START Material supplied

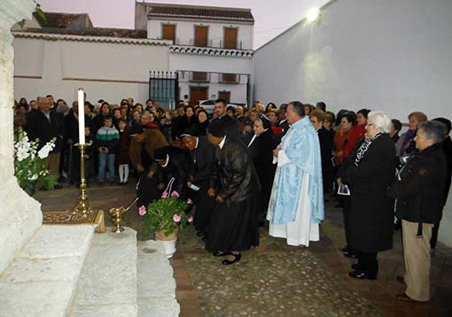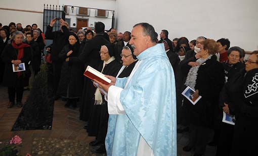 Los actos comenzaron a las cinco de la tarde, con una solemne misa en honor de la Inmaculada Concepción. Fueron numerosas las personas de Alhama, y de otros lugares de Andalucía como Antequera o Vélez Málaga, las que no quisieron perderse esta celebración y la recuperación de esta imagen del siglo XVIII, presentando la Iglesia del convento de San Diego un lleno absoluto, los actos continuaron con la bendición de la imagen, la intervención de sor Clara, así como un canto y baile de unas jóvenes hermanas clarisas africanas venidas de otro convento, y que en su idioma y en sus costumbres honraron la imagen de la Inmaculada recién recuperada para el patrimonio de Alhama.
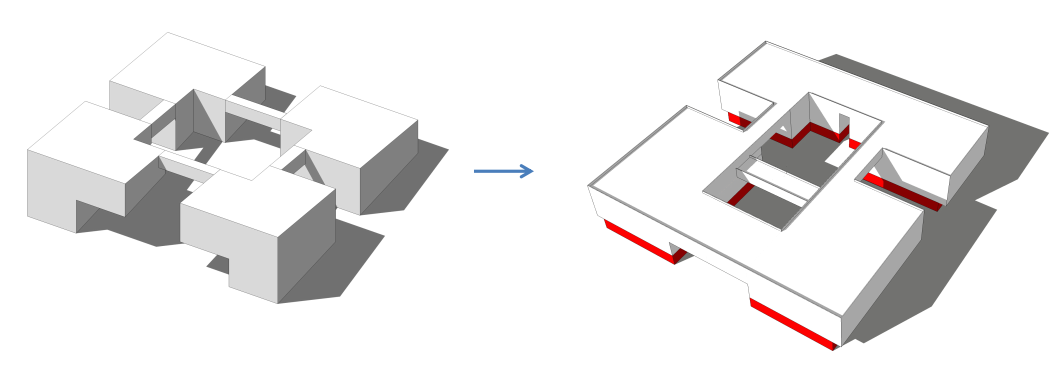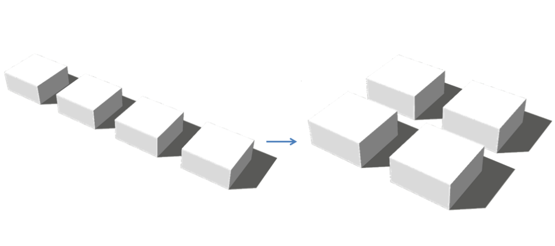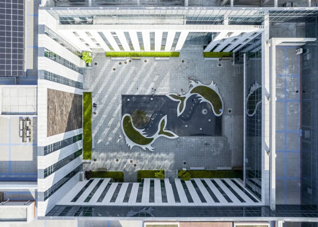建筑整体造型为一个简约的方体,通过四个单体之间的架空连系廊以及不同层次和深度的出挑,给平坦外立面营造出动感,形成独特的建筑个性。
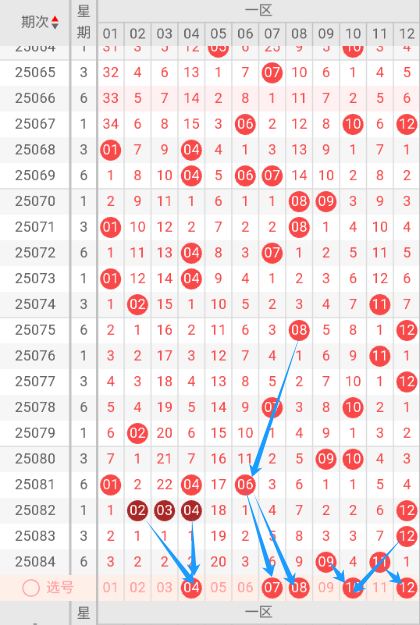 红球:04,07,08,10,12,14,16,21,22,24,25,31,32,33,35
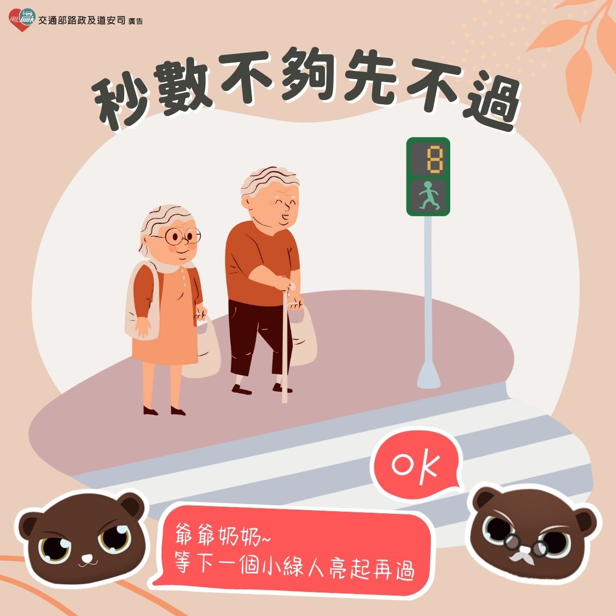交通宣導:長輩早起散步過馬路,小綠人秒數不夠先不過!
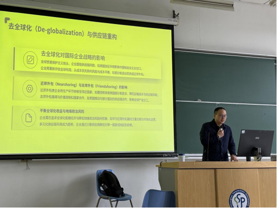 宋老师对国际商务如何适应全球不确定性、跨国公司如何捕捉市场变化做出调整进行了分析讨论,例如:研究企业如何在地缘政治动荡与科技变革中制定适应性国际化战略,如灵活调整市场布局;探索企业应对全球不确定性的风险管理策略,如通过多元化投资降低风险。
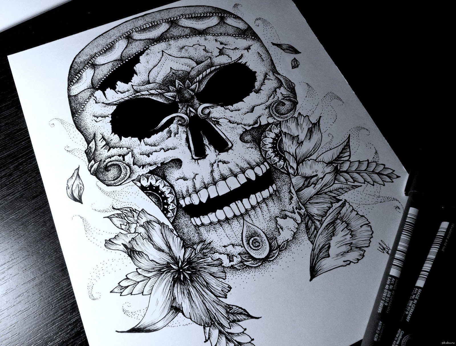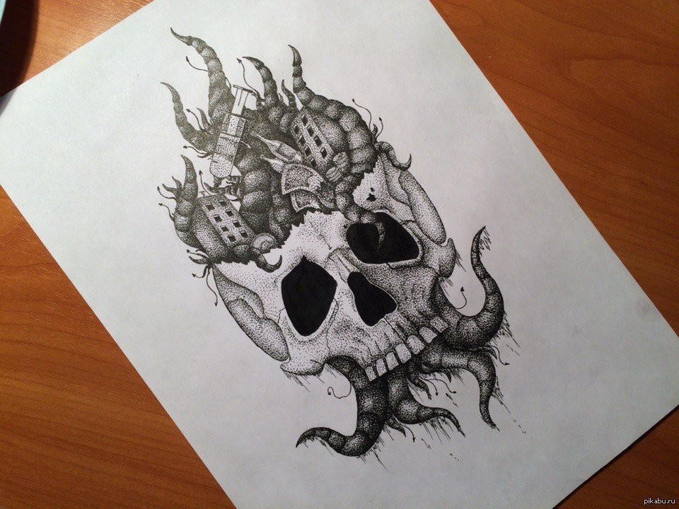 Рисунки чёрной ручкой череп
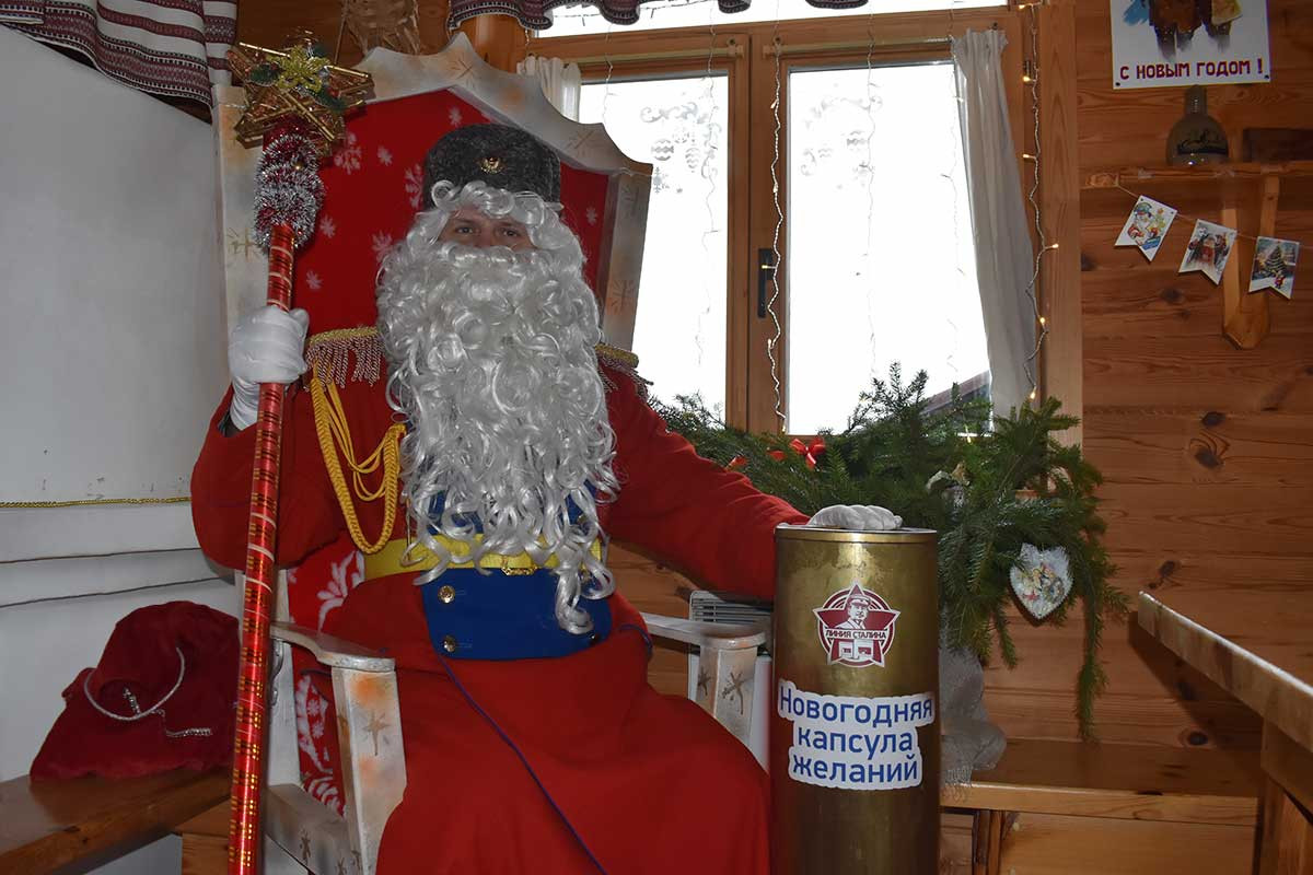 Финальная точка — штаб Деда Мороза. Здесь можно будет пообщаться с ним лично, прочитать стихотворение, сделать фото и получить короткое напутствие. В штабе есть и «капсула желаний» — артиллерийская гильза, куда предложат опустить записку с мечтой на будущий год.
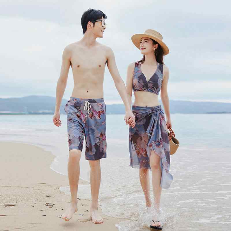 水着 カップル ペア レディース メンズ ワイヤー入り パッド付き 体型カバー ビキニ3点セット サーフパンツ 温泉 リゾート プール 夏
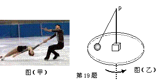19.(9分)如图(甲)所示的双人花样滑冰的物理学原理,可雷同与图(乙)所示的物理模型。在圆盘的正中心放置一方形底座,底座中央插一直杆,杆上P点系一轻绳,绳的另一端系一小球。小球质量为m,底座和杆的总质量为M,底座和盘的动摩擦因数为µ,
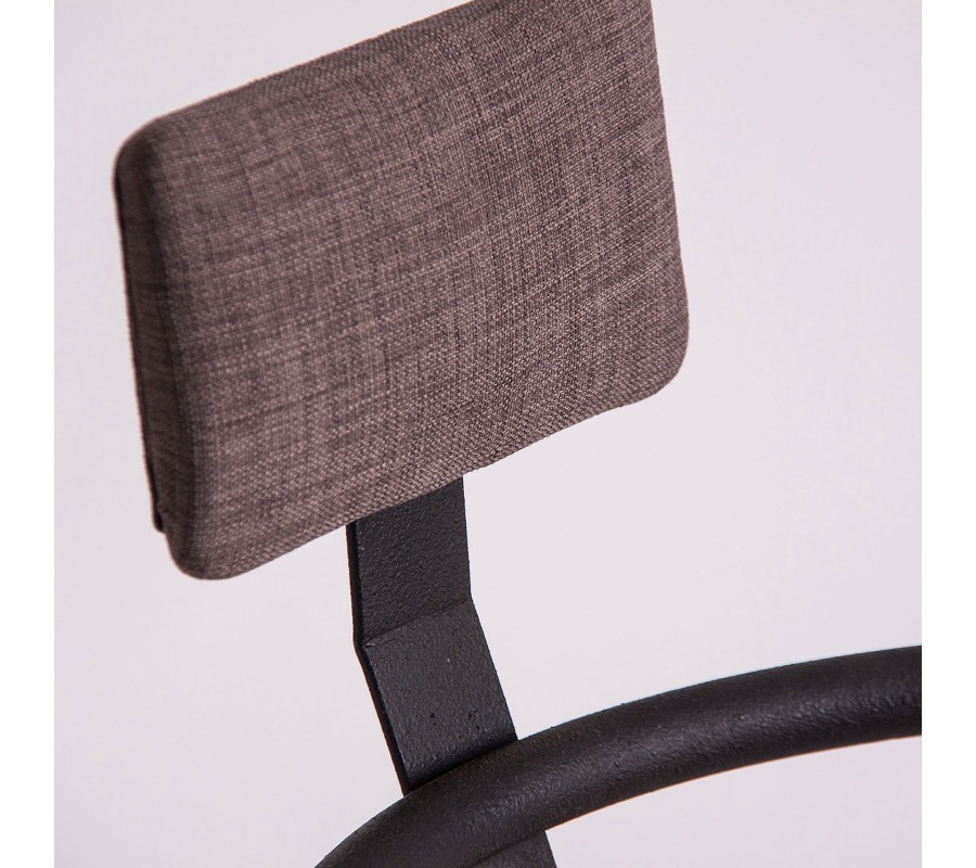 Opierka chrbta je čalúnená tkaninou v jemnej hnedej farbe a uchytená na tenkom kovovom ramene, ktoré ju spája s konštrukciou stoličky. Tento detail pôsobí minimalisticky a odľahčuje celkový dizajn.

END Material supplied

• _Exercise_:
Set down the entries above word for word, but drop any image.

• _Reply_:
 Los actos comenzaron a las cinco de la tarde, con una solemne misa en honor de la Inmaculada Concepción. Fueron numerosas las personas de Alhama, y de otros lugares de Andalucía como Antequera o Vélez Málaga, las que no quisieron perderse esta celebración y la recuperación de esta imagen del siglo XVIII, presentando la Iglesia del convento de San Diego un lleno absoluto, los actos continuaron con la bendición de la imagen, la intervención de sor Clara, así como un canto y baile de unas jóvenes hermanas clarisas africanas venidas de otro convento, y que en su idioma y en sus costumbres honraron la imagen de la Inmaculada recién recuperada para el patrimonio de Alhama.
建筑整体造型为一个简约的方体,通过四个单体之间的架空连系廊以及不同层次和深度的出挑,给平坦外立面营造出动感,形成独特的建筑个性。
 红球:04,07,08,10,12,14,16,21,22,24,25,31,32,33,35
交通宣導:長輩早起散步過馬路,小綠人秒數不夠先不過!
 宋老师对国际商务如何适应全球不确定性、跨国公司如何捕捉市场变化做出调整进行了分析讨论,例如:研究企业如何在地缘政治动荡与科技变革中制定适应性国际化战略,如灵活调整市场布局;探索企业应对全球不确定性的风险管理策略,如通过多元化投资降低风险。
 Рисунки чёрной ручкой череп
 Финальная точка — штаб Деда Мороза. Здесь можно будет пообщаться с ним лично, прочитать стихотворение, сделать фото и получить короткое напутствие. В штабе есть и «капсула желаний» — артиллерийская гильза, куда предложат опустить записку с мечтой на будущий год.
 水着 カップル ペア レディース メンズ ワイヤー入り パッド付き 体型カバー ビキニ3点セット サーフパンツ 温泉 リゾート プール 夏
19.(9分)如图(甲)所示的双人花样滑冰的物理学原理,可雷同与图(乙)所示的物理模型。在圆盘的正中心放置一方形底座,底座中央插一直杆,杆上P点系一轻绳,绳的另一端系一小球。小球质量为m,底座和杆的总质量为M,底座和盘的动摩擦因数为µ,
 Opierka chrbta je čalúnená tkaninou v jemnej hnedej farbe a uchytená na tenkom kovovom ramene, ktoré ju spája s konštrukciou stoličky. Tento detail pôsobí minimalisticky a odľahčuje celkový dizajn.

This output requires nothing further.